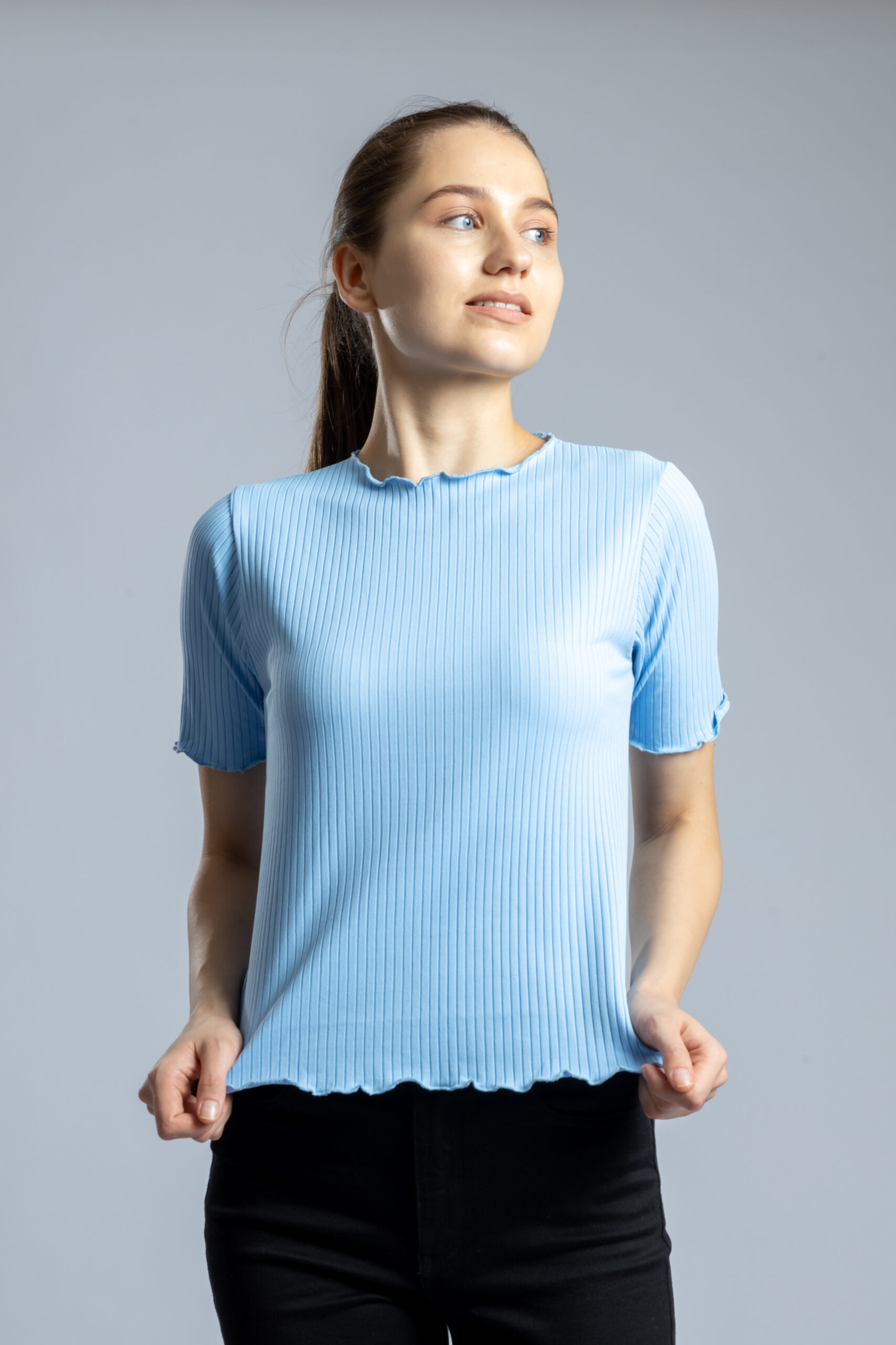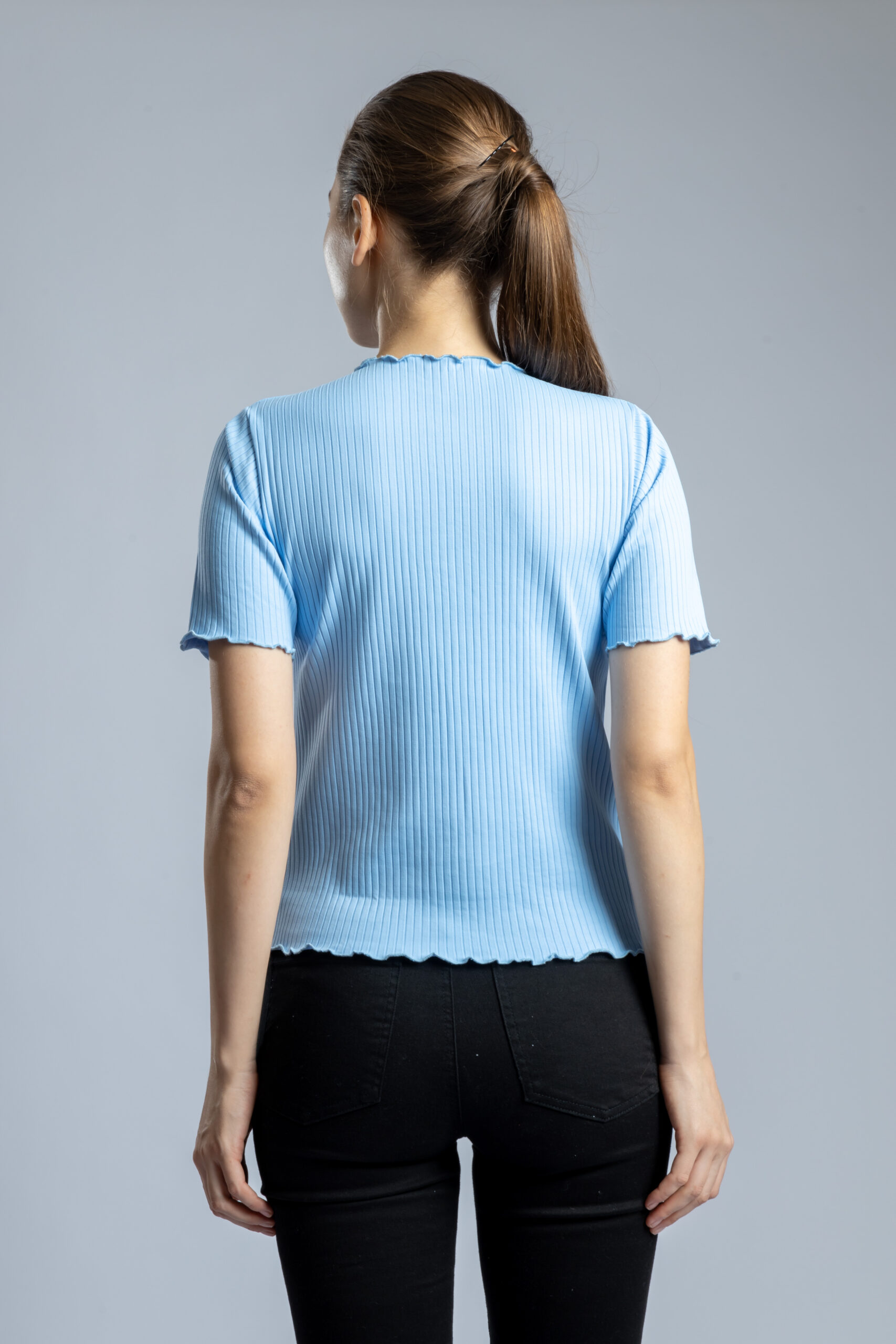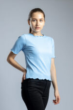 Women’s Full Sleeve Ribbed Knit Slim Fit Stretch Top Sky Blue
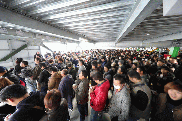 最後尾が確認できない人垣の中、スタッフがいよいよ入場の案内を叫ぶ。
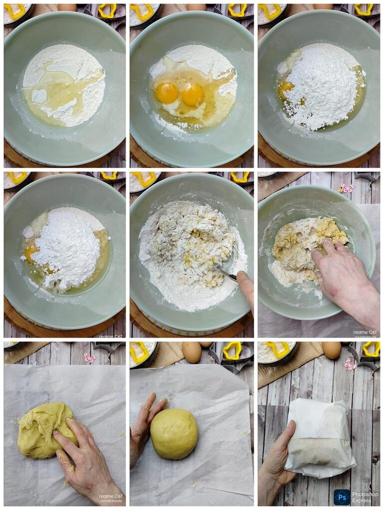 In een kom voeg je aan de bloem het snufje fijne zout toe, de zonnebloemolie, de eieren, de poedersuiker en begin je alle ingrediënten eerst in de kom en daarna op het werkblad te mengen.
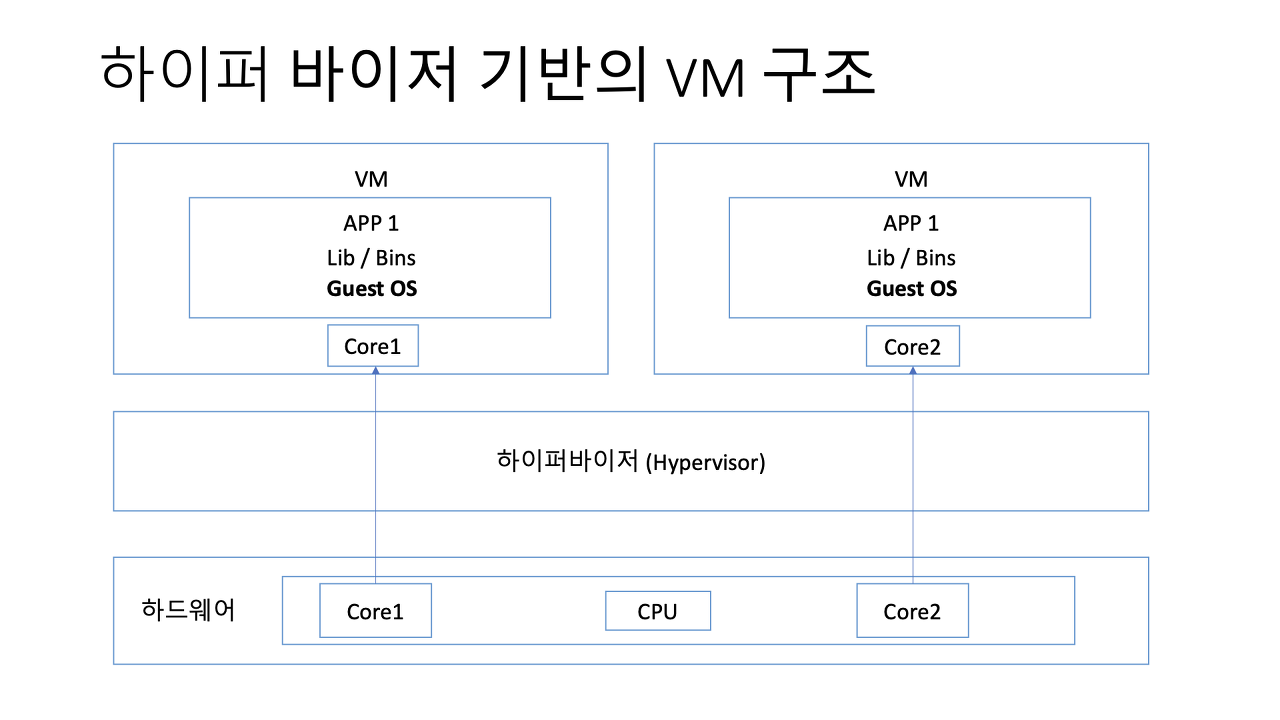 자, 하이퍼바이저 기반의 VM 구조는 위 사진과 같은데, 그림과 같이 하드웨어의 일부분을 각 VM에다 할당해주는데, 이때 게스트 OS까지 할당해주게 된다. 하이퍼바이저를 사용하여 개발하는 경우 이러한 구조로 인프라 환경이 갖추어진다.
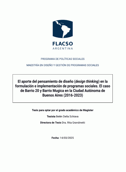 El aporte del pensamiento de diseño ( design thinking ) en la formulación e implementación de las políticas sociales. El caso de Barrio 20 y Barrio Mugica en la Ciudad Autónoma de Buenos Aires ( 2016 - 2023 ) / Belén Della Schiava [Recurso electrónico]
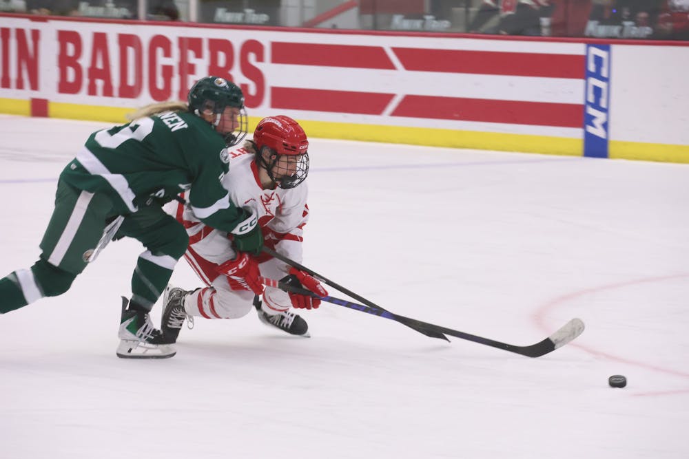 Forward Claire Enright fights for a puck during No. 1 Wisconsin women's hockey's 3-2 series clinching OT win over Bemidji State on Saturday, Feb. 28, 2026.
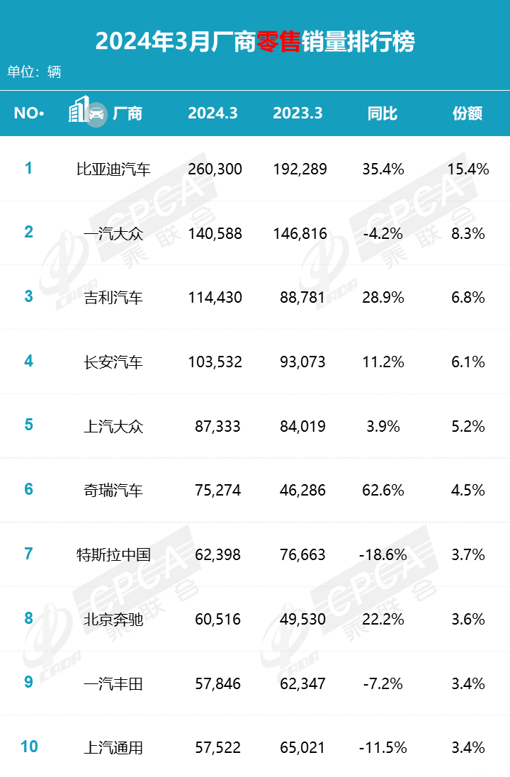 1-3月的具体品牌销量方面,比亚迪依旧包揽了零售销量、批发销量和新能源零售销量三项冠军,分别为586,006辆、624,398辆和586,006辆。第二名分别为一汽-大众、奇瑞和吉利,销量依次为395,266辆、510,324辆和137,452辆。(编译/本站 颜欢)
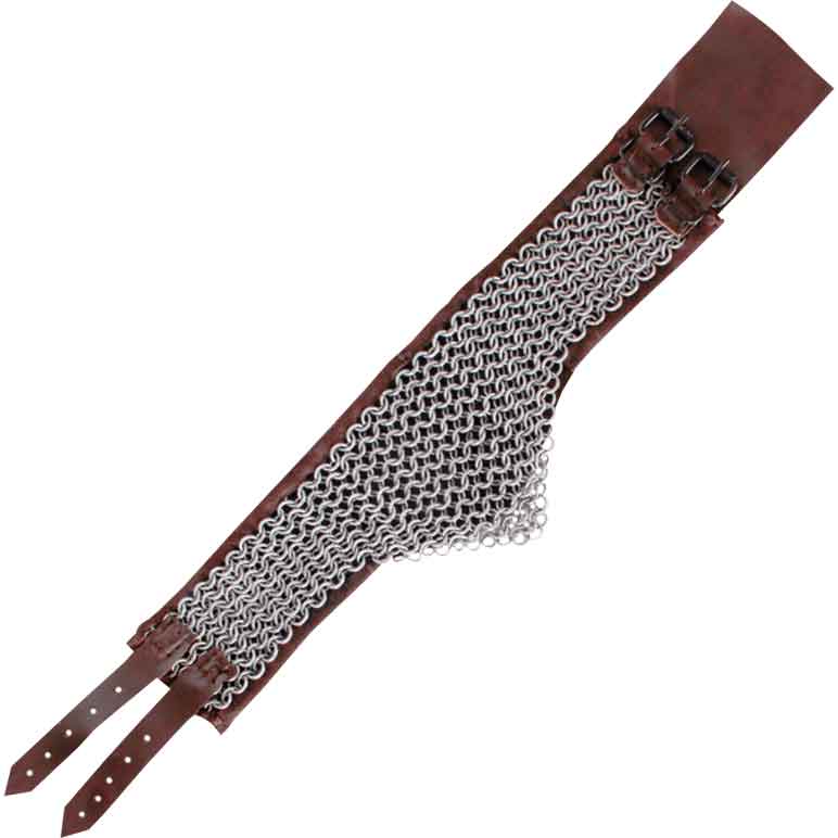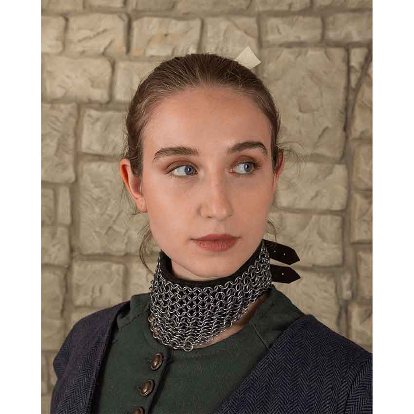 Keep the holy relic from wicked hands. The devout crusader remembers well the final request of the priest. The Richard Chainmail Mantle protectively adorns the medieval pilgrim, who follows a sacred path to a forgotten tomb. Mild steel rings fortify a brown suede leather collar, making this a perfect piece for LARP activities. The butted round rings link together in a traditional 4-in-1 chainmail pattern. A 4-in-1 pattern consists of four chainmail rings woven through another ring. This medieval mantle matches with the rest of the Richard chainmail armour set. Complete your knight crusader costume with this fine chainmail collar adorning your neck.
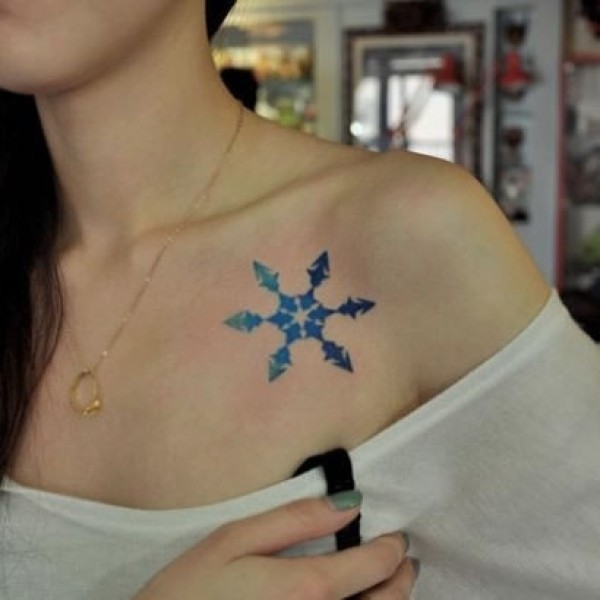 美女胸前洁雅的雪花纹身图案美女胸部蓝色的雪_胸部纹身图案大全_纹身图吧
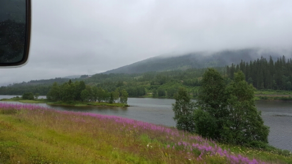The last of the 3% arable farm lands pass us today, we’re soon again in stunning forests, bisected by lakes, streams and the occasional fjord. At one point, we’re driving through clouds, rendering the air thickly soft and damp.
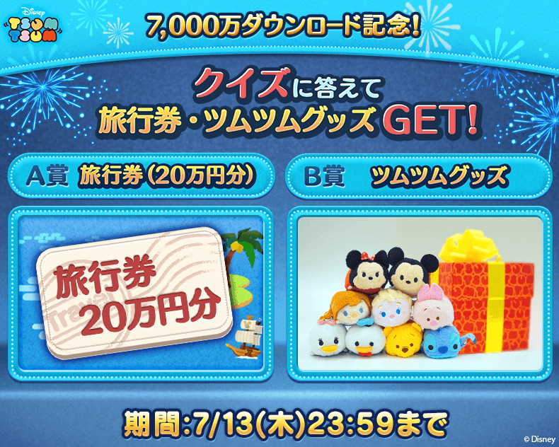「LINE:ディズニー ツムツム」の世界累計DL数が7000万を突破。旅行券(20万円分)やグッズが抽選でもらえるTwitterキャンペーンが開催中
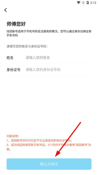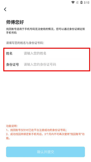 3、填寫完成后,點(diǎn)擊確認(rèn)并提交,按照提示完成賬號找回操作。
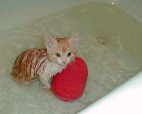- Тварина акуратно опускають у воду, намочують його шерсть губкою, дуже акуратно. Ніколи не занурюють кішку у воду з головою.
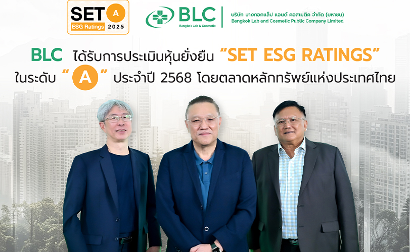 บมจ. บางกอกแล็ป แอนด์ คอสเมติค หรือ BLC เดินหน้าตอกย้ำความแข็งแกร่งในฐานะหุ้นเมกะเทรนด์ด้านสุขภาพ (Healthcare) ชั้นนำของไทย ประกาศความสำเร็จต่อเนื่องด้วยการได้รับคัดเลือกให้อยู่ในรายชื่อหุ้นยั่งยืน SET ESG Ratings ประจำปี 2568 ที่ระดับ “A” ในกลุ่มสินค้าอุปโภคบริโภค จากตลาดหลักทรัพย์แห่งประเทศไทย สะท้อนศักยภาพการบริหารงานที่โดดเด่นทั้งมิติเศรษฐกิจ สังคม และสิ่งแวดล้อม ตอกย้ำวิสัยทัศน์การเป็นผู้นำนวัตกรรมสุขภาพที่สร้างคุณค่าให้ผู้บริโภค ควบคู่ไปกับการดูแลโลกตามแนวทางความยั่งยืน
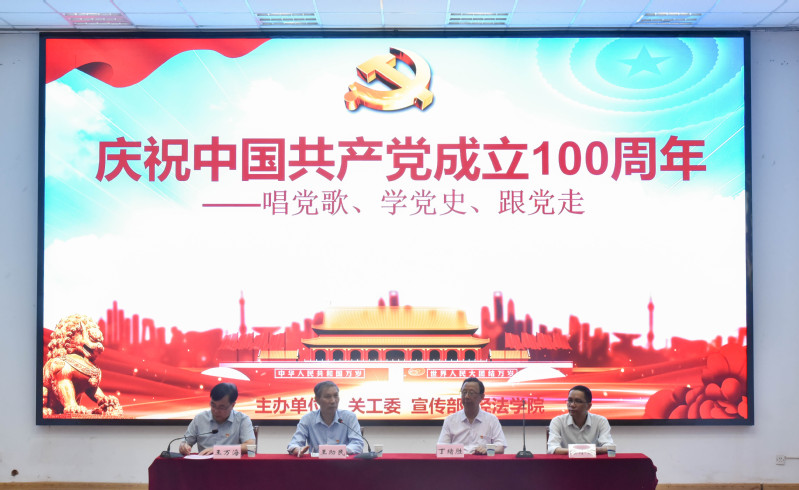 为庆祝中国共产党成立100周年,6月9日下午,由金年汇官方入口关工委联合宣传部主办,经济与法学学院承办的“唱党歌、学党史、跟党走”党歌演奏报告会在求实楼报告厅隆重举行。金年汇官方入口关工委主任王助民,关工委副主任丁绪胜,经法学院党委书记王万海,党委宣传部副部长陈小波与青年学生齐聚一堂,在退休教师王万岭的倾情演奏下,重温党的百年历程,感悟党的辉煌成就,共同唱响共产党好、社会主义好的时代主旋律。
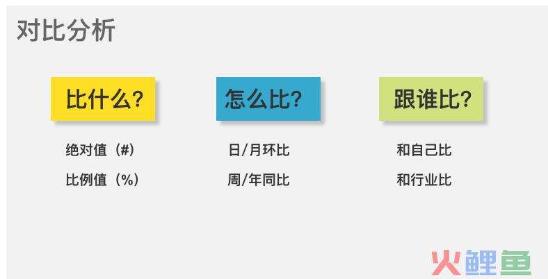 对比分析是最基础最常见的数据分析方法,能直观的看出事物某阶段的变化,并且可以准确、量化地表达出这种变化/差距是多少,重点从「比什么」「怎么比」「跟谁比」三个维度进行分析。
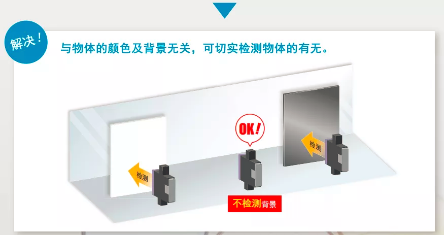 歐姆龍限定反射型傳感器的原理:接受來自檢測(cè)物體的反射光以檢測(cè)物體有無。擁有限定了投光光束和受光區(qū)域的光學(xué)系統(tǒng),僅可檢測(cè)相距傳感器一定距離(投光光束與受光區(qū)域重合的范圍)的檢測(cè)物體。
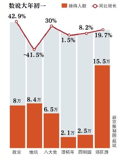 昨天是農歷大年初一,“春節(jié)”假日第二天,記者從北京市假日辦獲悉,當日,全市重點監(jiān)測的146家旅游景區(qū)共接待游客112.63萬人次,其中故宮博物院共接待8萬人次,同比增長42.9%;廟會等各類民俗活動共接待40.1萬人次。市屬11家公園及園博館共迎來游客25萬人次,同比去年增長11%。各公園開展了傳統(tǒng)園林賀歲、鮮花廟會及非遺技藝、經典展陳等不同形式的游園活動,給來園市民游客拜大年、送福氣。
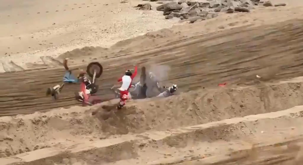 MAR DEL PLATA.- Cuatro pilotos resultaron heridos, dos de ellos con fracturas, en un violento accidente que ocurrió durante la jornada de pruebas de la edición 2024 del Enduro de Invierno que se disputa en un circuito dispuesto sobre distintas playas de la zona norte de esta ciudad.
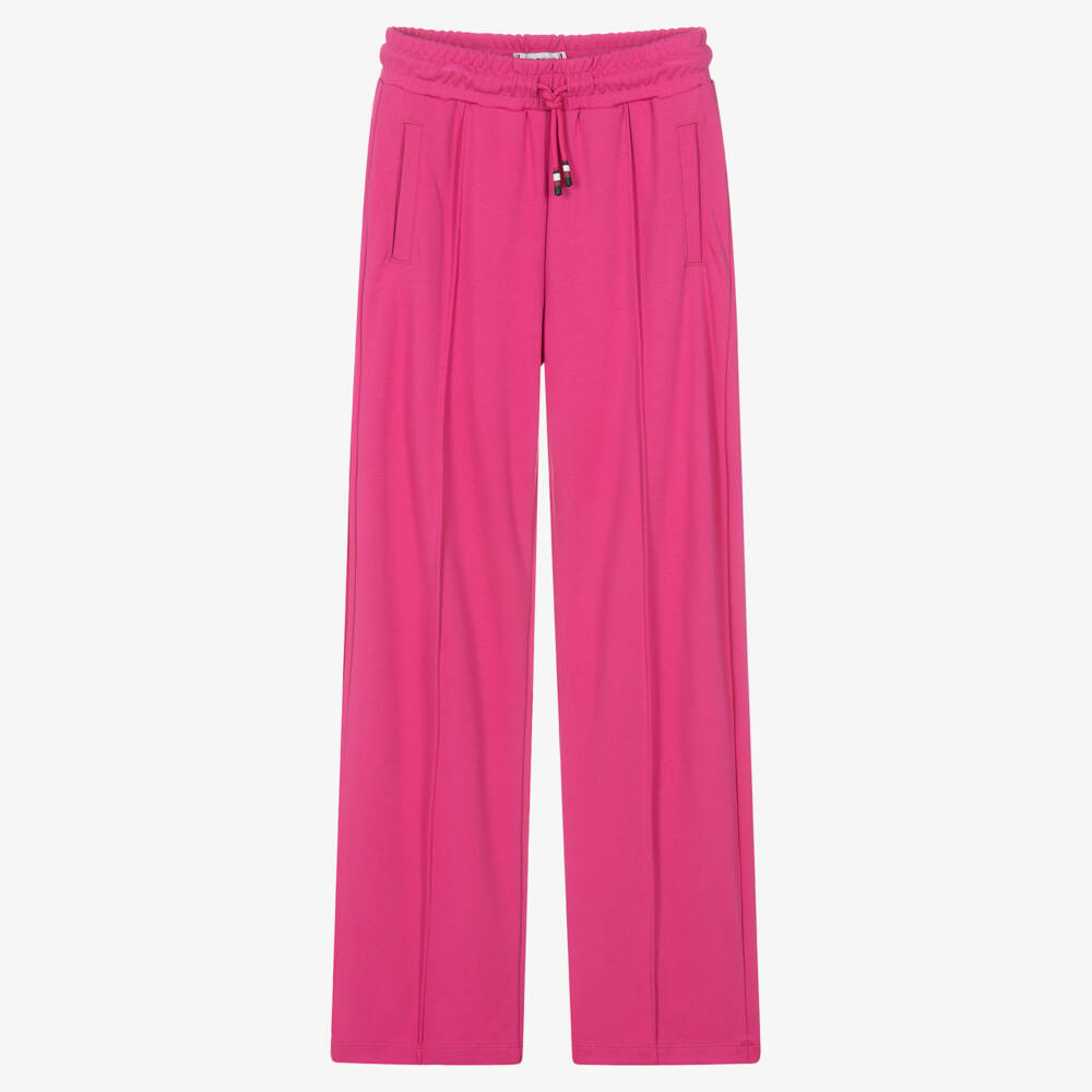 Magenta pink joggers for teen girls by Tommy Hilfiger, with a wide leg silhouette and seams on the front and back. Made in a soft and stretchy viscose blend, these casual trousers have an elasticated waistband with signature detailing on the drawstring caps. Great for a laid-back look, they have pockets on the front and a small flag logo embroidered on the back. This product is made with at least 50% FSC certified viscose.

※

EXERCISE - In the entries above, which lines run from the one with "3、填寫完成后,點(diǎn" up to and including the one with "- Тварина акуратно"? Write them out exactly, without the pictures.

RESPONSE AREA -
 3、填寫完成后,點(diǎn)擊確認(rèn)并提交,按照提示完成賬號找回操作。
- Тварина акуратно опускають у воду, намочують його шерсть губкою, дуже акуратно. Ніколи не занурюють кішку у воду з головою.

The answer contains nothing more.